Padilla Miguel A, Divers Jasmin
Old Dominion University, Norfolk, VA, USA.
Wake Forest School of Medicine, Winston-Salem, NC, USA.
Educ Psychol Meas. 2016 Jun;76(3):436-453. doi: 10.1177/0013164415593776. Epub 2015 Jul 8.
Coefficient omega and alpha are both measures of the composite reliability for a set of items. Unlike coefficient alpha, coefficient omega remains unbiased with congeneric items with uncorrelated errors. Despite this ability, coefficient omega is not as widely used and cited in the literature as coefficient alpha. Reasons for coefficient omega's underutilization include a limited knowledge of its statistical properties. However, consistent efforts to understand the statistical properties of coefficient omega can help improve its utilization in research efforts. Here, six approaches for estimating confidence intervals for coefficient omega with unidimensional congeneric items were evaluated through a Monte Carlo simulation. The evaluations were made through simulation conditions that mimic realistic conditions that investigators are likely to face in applied work, including items that are not normally distributed and small sample size(s). Overall, the normal theory bootstrap confidence interval had the best performance across all simulation conditions that included sample sizes less than 100. However, most methods had sound coverage with sample sizes of 100 or more.

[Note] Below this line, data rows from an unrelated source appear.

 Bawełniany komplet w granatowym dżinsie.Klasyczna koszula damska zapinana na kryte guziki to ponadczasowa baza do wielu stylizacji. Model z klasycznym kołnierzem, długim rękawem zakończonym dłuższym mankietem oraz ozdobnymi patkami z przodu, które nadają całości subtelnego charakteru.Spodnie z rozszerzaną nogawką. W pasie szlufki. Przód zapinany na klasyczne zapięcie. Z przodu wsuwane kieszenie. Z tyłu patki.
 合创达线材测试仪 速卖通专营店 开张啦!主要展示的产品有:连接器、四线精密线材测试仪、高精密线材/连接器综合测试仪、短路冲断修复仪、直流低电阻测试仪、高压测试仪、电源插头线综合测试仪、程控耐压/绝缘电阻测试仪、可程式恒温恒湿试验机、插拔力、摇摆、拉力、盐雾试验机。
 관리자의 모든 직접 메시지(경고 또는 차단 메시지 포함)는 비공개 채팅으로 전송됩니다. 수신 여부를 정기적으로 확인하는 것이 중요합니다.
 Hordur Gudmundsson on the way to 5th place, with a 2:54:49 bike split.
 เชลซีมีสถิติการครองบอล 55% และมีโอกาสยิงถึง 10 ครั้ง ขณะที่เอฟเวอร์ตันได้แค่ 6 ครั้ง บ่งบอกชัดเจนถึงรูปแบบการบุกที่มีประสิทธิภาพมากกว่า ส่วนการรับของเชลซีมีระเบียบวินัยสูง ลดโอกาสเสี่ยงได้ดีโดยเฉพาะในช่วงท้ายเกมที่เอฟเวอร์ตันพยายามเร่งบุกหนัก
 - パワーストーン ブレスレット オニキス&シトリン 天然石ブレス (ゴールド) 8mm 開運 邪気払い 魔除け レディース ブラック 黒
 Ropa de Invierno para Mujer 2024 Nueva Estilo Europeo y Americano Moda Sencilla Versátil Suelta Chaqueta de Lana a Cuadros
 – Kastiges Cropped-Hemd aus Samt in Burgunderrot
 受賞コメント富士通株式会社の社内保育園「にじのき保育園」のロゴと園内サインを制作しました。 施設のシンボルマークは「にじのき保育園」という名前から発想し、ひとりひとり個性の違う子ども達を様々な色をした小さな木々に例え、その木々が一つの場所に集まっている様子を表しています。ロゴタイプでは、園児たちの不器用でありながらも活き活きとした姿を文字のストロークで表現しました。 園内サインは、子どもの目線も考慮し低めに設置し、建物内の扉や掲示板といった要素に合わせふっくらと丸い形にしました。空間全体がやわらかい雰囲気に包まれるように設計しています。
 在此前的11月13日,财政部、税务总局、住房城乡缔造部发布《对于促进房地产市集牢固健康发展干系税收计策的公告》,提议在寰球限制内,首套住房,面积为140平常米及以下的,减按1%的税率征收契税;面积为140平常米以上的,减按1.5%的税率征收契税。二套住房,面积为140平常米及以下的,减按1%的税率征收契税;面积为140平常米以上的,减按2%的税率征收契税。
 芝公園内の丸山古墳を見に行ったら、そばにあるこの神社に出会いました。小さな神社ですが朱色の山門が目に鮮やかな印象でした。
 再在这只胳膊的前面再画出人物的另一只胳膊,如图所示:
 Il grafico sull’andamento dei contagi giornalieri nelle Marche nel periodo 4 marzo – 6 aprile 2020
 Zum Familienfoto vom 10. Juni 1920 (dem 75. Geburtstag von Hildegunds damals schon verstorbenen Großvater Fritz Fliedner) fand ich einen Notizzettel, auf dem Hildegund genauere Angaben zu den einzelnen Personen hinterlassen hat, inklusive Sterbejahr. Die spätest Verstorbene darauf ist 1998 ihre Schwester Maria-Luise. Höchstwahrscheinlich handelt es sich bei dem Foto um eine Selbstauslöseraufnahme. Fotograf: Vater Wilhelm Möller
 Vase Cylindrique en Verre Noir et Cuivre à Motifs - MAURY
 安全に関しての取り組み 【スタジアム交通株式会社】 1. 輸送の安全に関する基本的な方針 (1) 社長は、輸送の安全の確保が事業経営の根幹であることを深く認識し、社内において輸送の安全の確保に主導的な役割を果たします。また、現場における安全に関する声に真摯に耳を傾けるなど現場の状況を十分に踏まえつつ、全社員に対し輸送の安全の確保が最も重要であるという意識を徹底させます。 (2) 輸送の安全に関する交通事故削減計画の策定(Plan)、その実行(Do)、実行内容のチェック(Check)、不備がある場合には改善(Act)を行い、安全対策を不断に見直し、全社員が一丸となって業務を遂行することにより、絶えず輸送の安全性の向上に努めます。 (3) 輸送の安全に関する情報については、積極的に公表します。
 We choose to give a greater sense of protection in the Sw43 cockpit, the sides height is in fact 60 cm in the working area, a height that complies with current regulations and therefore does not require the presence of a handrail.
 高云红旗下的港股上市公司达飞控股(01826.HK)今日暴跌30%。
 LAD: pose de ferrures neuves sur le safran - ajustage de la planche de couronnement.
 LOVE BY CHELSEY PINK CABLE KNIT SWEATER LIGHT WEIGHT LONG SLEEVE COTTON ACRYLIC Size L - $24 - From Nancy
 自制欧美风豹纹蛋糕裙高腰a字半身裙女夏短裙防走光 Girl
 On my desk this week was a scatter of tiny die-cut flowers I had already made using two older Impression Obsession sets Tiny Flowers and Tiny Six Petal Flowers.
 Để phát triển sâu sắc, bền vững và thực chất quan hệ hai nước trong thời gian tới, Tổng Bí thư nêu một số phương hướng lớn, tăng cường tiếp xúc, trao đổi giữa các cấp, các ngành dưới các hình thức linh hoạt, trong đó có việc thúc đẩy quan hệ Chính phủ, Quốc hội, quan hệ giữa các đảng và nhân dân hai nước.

系数ω和α都是一组项目的组合信度的度量指标。与系数α不同,系数ω对于具有不相关误差的同类项目仍然保持无偏性。尽管有此特性,但系数ω在文献中的使用和引用不如系数α广泛。系数ω未得到充分利用的原因包括对其统计特性的了解有限。然而,持续努力理解系数ω的统计特性有助于提高其在研究工作中的利用率。在此,通过蒙特卡罗模拟评估了六种用于估计具有单维同类项目的系数ω的置信区间的方法。评估是通过模拟类似于研究人员在实际工作中可能面临的现实条件进行的,包括非正态分布的项目和小样本量。总体而言,在所有包括样本量小于100的模拟条件下,正态理论自助置信区间表现最佳。然而,对于样本量为100或更多的情况,大多数方法都具有良好的覆盖率。